If the projects discussed above are not successfully developed, the sales
and profitability of the combined company may be adversely affected in
future periods.
<PAGE>
RESULTS OF OPERATIONS
The results of operations for the three and six months ended June 30, 2000
and 1999 include the effect of the REZ acquisition, which was completed on
April 3, 2000 and is discussed in Note 4 to the unaudited condensed
consolidated financial statements contained herein. In accordance with
purchase accounting, REZ's results of operations subsequent to the
acquisition date are included in the accompanying unaudited condensed
consolidated financial statements.
THREE MONTHS ENDED JUNE 30, 2000 AND 1999
Net revenues. Net revenues for the three months ended June 30, 2000
increased to $52.4 million from $9.2 million for the three months ended June
30, 1999. Revenues increased primarily due to the acquisition of REZ.
Excluding the effect of REZ, revenues increased $3.1 million, or 33.5%
primarily due to higher transaction levels for Pegasus Electronic
Distribution and Pegasus Commission Processing.
Revenues for our hospitality segment were $34.3 million for the three months
ended June 30, 2000. Included in the three months ended June 30, 2000 is
$27.7 million in hospitality revenues related to REZ's operations subsequent
to the April 3, 2000 effective date of the acquisition. Excluding the
effect of REZ, hospitality revenues increased $1.7 million, or 34.7% for the
three months ended June 30, 2000 compared to the same period in 1999.

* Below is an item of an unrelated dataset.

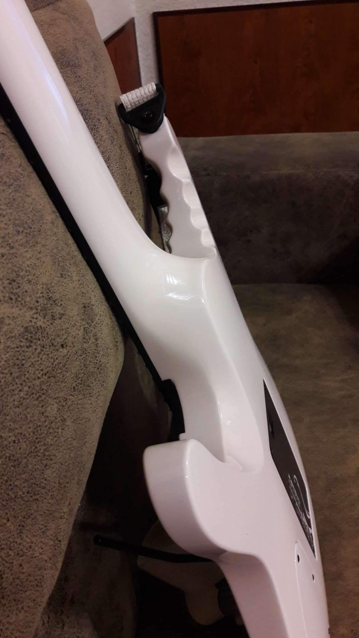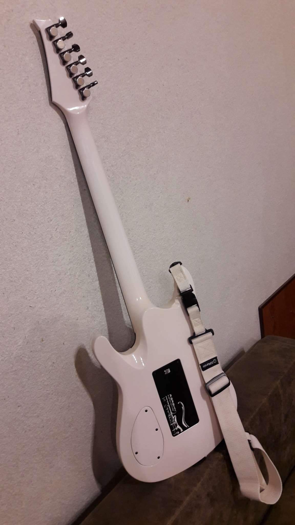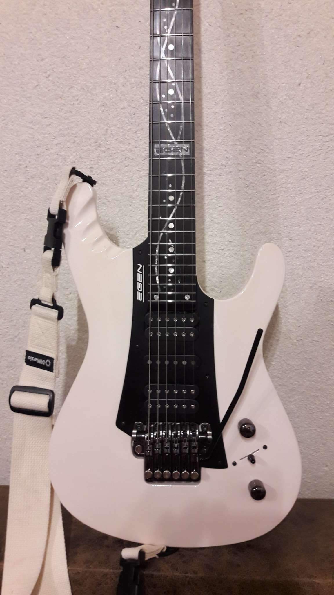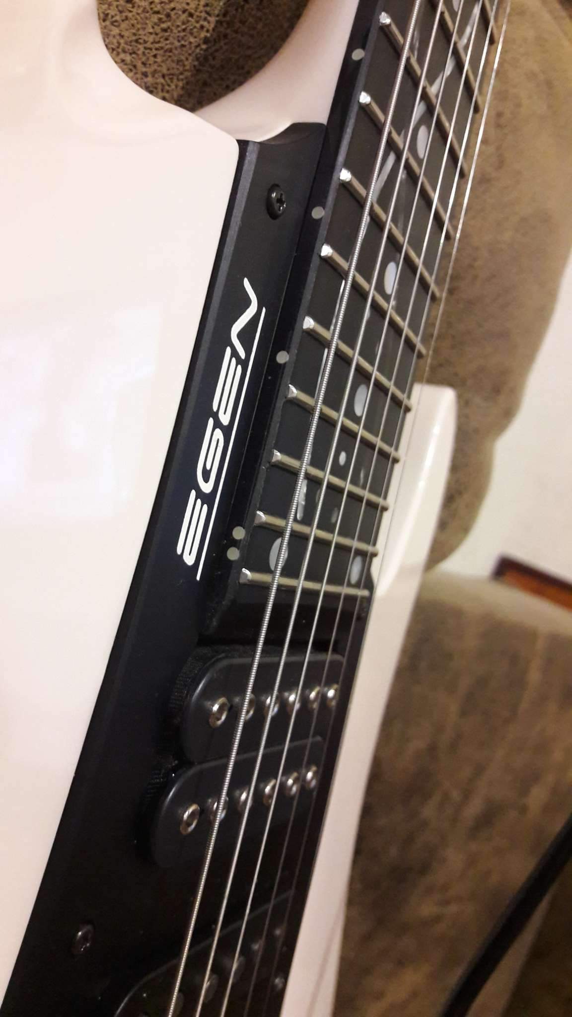 Закончилось томительное ожидание очередного Гришинского творения. Очень доволен. Из того, что задумывалось, осталось только внешнее напоминание о прототипе (IBANEZ EGEN) и сет звукоснимателей, к слову сказать, очень удачный. Глянец покрытия и мат эбена (под маслом), белое и чёрное, плавность форм корпуса и вызывающая резкость в голове грифа. Оговорюсь, на что то мне пришлось сподвигнуть мастера, где то он спустил меня с небес. Рад, что моя задумка и его руки и опыт вместе создали этот инструмент. Хочется сказать, что гитара выглядит лучше, чем звучит. Но.....!!! как она звучит!!! (выложу позже, обещаю). СПАСИБО, Виталич!!!

Pegasus Commission Processing revenues increased approximately 41.0% for the
three months ended June 30, 2000 compared to the same period in 1999 as a
result of a 35.2% increase in the number of hotel commission transactions
processed for our member travel agencies. The increase in the number of
transactions was due in part to an increase in the number of hotel
properties and travel agencies participating in Pegasus Commission
Processing. The value of commissions paid to member travel agencies through
our commission processing service increased 41.2% for the three months ended
June 30, 2000 compared to the same period in 1999 because of an increase in
the number of hotel commission transactions processed combined with an
increase in the average value of commissions processed. Net revenues arising
from the increase in commissions paid was somewhat offset by a reduction in
the average fee received from participating travel agencies for
consolidating and remitting hotel commission payments. The decrease in
travel agency fees is due to consolidation within the travel agency
industry. Pegasus expects this trend to continue.
Revenues for our technology segment were $18.0 million for the three months
ended June 30, 2000. Included in the three months ended June 30, 2000 is
$12.9 million in technology revenue related to REZ's operations. Excluding
the effect of REZ, technology revenues increased $1.4 million, or 32.1% for
the three months ended June 30, 2000 compared to the same period in 1999.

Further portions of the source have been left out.